Thursday, May 2, 2019

The struggle is real.

This week has been hard. I'm not really sure why it's been so difficult for me but it has. It's the first time during all of life's craziness that I've actually felt depressed. I don't have the option to stay in bed and sulk but if I did, it very well might have happened. Instead, I've drudged through the days. I have been counting down the hours to bedtime. If I'm being perfectly honest, the tiny humans that I adore have been driving me crazy but I'm fully realizing it's not them...it's me. My mindset is so off and I can't shake it. Everything makes me want to cry or scream. The simplest things bring on tears. I feel like I've been doing so well and then I hit this wall and it's throwing me.

In the grand scheme of things, I know my problems are minuscule and others have it far worse than me...and realizing this just makes me feel guilty for sulking over nonsense. I'm learning to understand that often times there will always be someone in a worse position but that doesn't mean I can't be sad or hurt or whatever feeling I'm going through at that given time.

What I've had a hard time accepting is putting on a face for my kids. I know it's important for them to see real raw emotions and they do BUT when it comes time to interact with their Dad, I feel it's really important to have a positive relationship. So I put on a happy face and try to make it easy for all involved. It isn't easy. In fact, the days we interact as a 'family' are the days I want to crawl in bed immediately after putting E to bed because I feel so drained. My head knows this divorce thing is probably for the best but my heart hasn't caught up. I saw a quote the other day that broke me a little bit more..."Whoever loves you will never leave you, even if they have 100 reasons to give up. They will always find one reason to hold on" 

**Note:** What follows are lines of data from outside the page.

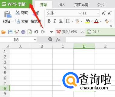 点击一个空白的单元格后,点击上方的“WPS表格”旁边的三角形。
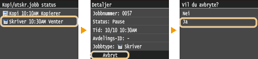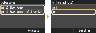 Avbryte fra FjernkontrollDu kan avbryte utskriften fra siden [Jobbstatus] i Fjernkontroll: Kontrollere gjeldende status for utskriftsdokumenter
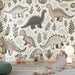 Hand-Painted Dinosaur Wallpaper Mural | Prehistoric Adventure Kids Room Decor | Retro Playful Nursery Wall
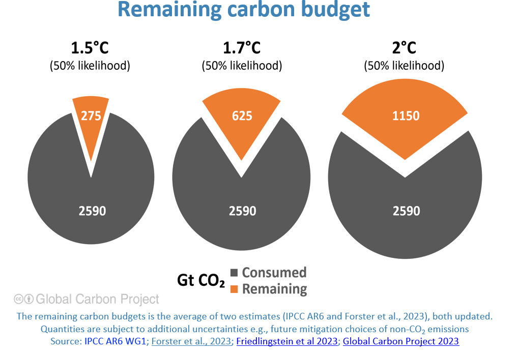L’édition 2023 du Global Carbon Budget permet d’actualiser les budgets carbone résiduels associés à différentes cibles de réchauffement moyen. Les montants absolus figurent sur le graphique ci-dessous. Ils représentent respectivement 7 années d’émission de 2023 pour 1,5°C, 15 années pour 1,7°C et 28 années pour 2°C.

Accepting there wasn't even one reason for him to hold on...that hurts.

I was told I need to let go of the way I thought life would be. I need to let go of who I thought he would be, as a father, husband, partner. I need to let go of a lot of things but that is easier said than done.

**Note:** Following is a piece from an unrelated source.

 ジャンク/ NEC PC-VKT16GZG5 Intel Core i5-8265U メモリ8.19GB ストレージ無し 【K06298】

Normally, I find a way to end things on a positive note but this time I'm just sad. I know it's ok to not be ok but here's the deal...I don't want to feel "not ok". I don't want to be this shell of a person. I don't want to feel overwhelmingly frustrated when my kid spills a drink. I don't want to cry when the nugget refuses to nap. I don't want to get mad at my sweet boy just because I can't cope with my own feelings. I want to be happy. I want to enjoy all the little moments with them and I feel like this week I haven't been able to do that. This week I'm struggling.